Courts' Attitude on Drunk Driving

So Judge Dave Bach Jr. of the Fullerton Municipal Court ("Judge Orders Driver Tried for Murder in 4 Crash Deaths," July 17) thinks that a person who drives with an alcohol blood level of 0.108 and passes at high speed on a dirt shoulder on a heavily traveled street and then swerves into uncoming traffic, with the result of killing a mother and her four children and injuring others, is "a nice man."

Judge Bach also says that "most of us, judges and lawyers even, have gotten behind the wheel after drinking more than we should." I don't know how the judge came to this conclusion, but I am confident that most of us do not drive after drinking too much. In fact, responsible drivers do not drink!

In his effort to sound sympathetic, Judge Bach has shown us what is wrong with the courts today. Nice people do not kill with their cars. They do not carry their drinking problems onto the highways. Nice people do not pass at high speeds on dirt shoulders. Nice people do not leave husbands without a wife and children.

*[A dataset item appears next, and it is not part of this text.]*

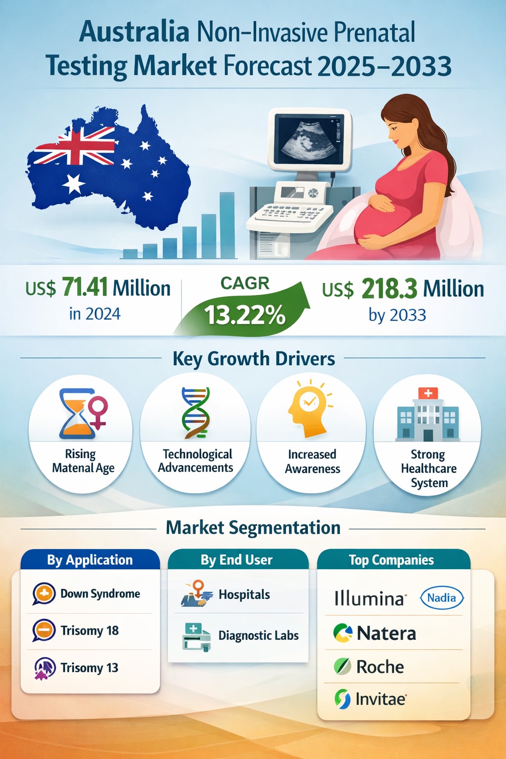 According to Renub Research, the Australia Non-Invasive Prenatal Testing Market is expected to grow from US$ 71.41 million in 2024 to US$ 218.3 million by 2033, registering a strong CAGR of 13.22% from 2025 to 2033. This impressive growth trajectory underscores how rapidly NIPT is moving from a niche offering to a mainstream healthcare service.

If Judge Bach really believes that "a fraction of a second and a little luck" is the "only difference between (the accused) and the rest of us," he is painfully unaware of what real driving responsibility is.

Robert Trueblood, the survivor of this tragedy, stated it correctly when he said, "If the families don't show up, the public tends to forget about them."

It looks like Judge Bach had the judgment to refer the case on the proper charges, but his remarks reinforce that the public and the courts too often forget the victims in a headlong rush to offer sympathy to the wrong party.